MLEs exist to support teams, not the other way around. Therefore, a lot of emphases should go on how MLEs would fit in the team’s culture. It does not mean that MLEs should agree on everything that the rest of the team decides. Rather MLEs, like any other professionals, should do things that make the team better, even if it means disagreeing with the rest of the team, but complying with work packages anyway. Furthermore, whatever the engineers are driving, they should take full ownership as much as possible. Striving for diversity is the way to achieve a healthy team that knows how to deal with complimentary opinions. Machine Learning is meant to solve complicated global problems, which is not possible to pull off with a narrow background team.
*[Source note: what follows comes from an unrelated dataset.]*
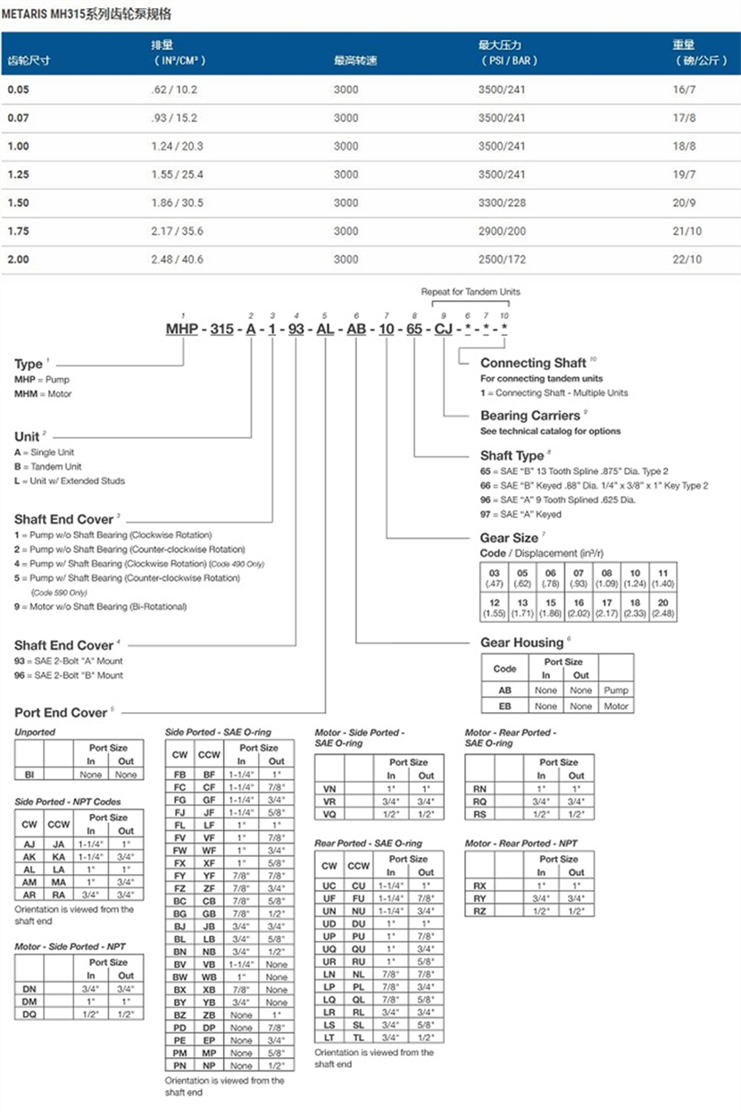 METARIS MH315系列齒輪泵

Most importantly, engineers need to have a growth mindset, which obviously comes from active and passive learning.

Team first

  • Junior-level engineers are ready to step in whenever the team needs them.
  • Senior-level engineers know how to step in and can adjust the level of engagement as the situation changes.
  • Lead-level engineers actively work towards creating an environment for nurturing healthy teams.

Ownership

  • Junior-level engineers know how to take ownership of areas that they feel comfortable with.
  • Senior-level engineers know how to take ownership of all sorts of areas when they are asked even if they do not feel comfortable with some of those.
  • Lead-level engineers know how to take ownership of anything no matter the level of comfort and establishes an environment that encourages others to do so.

Inclusiveness

  • Junior-level engineers know how to work in a diverse working place.
  • Senior-level engineers know how to support the team to stay inclusive.
  • Lead-level engineers know how to work towards a more inclusive working environment.

Learning mindset

  • Junior-level engineers have a lot of drive to upskill themselves.
  • Senior-level engineers know how to foster learning activities for a group of people while satisfying their own learning goals.
  • Lead-level engineers know how to enable learning for groups through processes and strategies.

Remarks

I am sure I have not fleshed out many other important attributes. However, at least the ones mentioned above would get you started. If you do not agree with some of the above points, please share your views. If you feel that some other points need to be mentioned, please share your views. If you agree on the points and found them helpful, please share your views.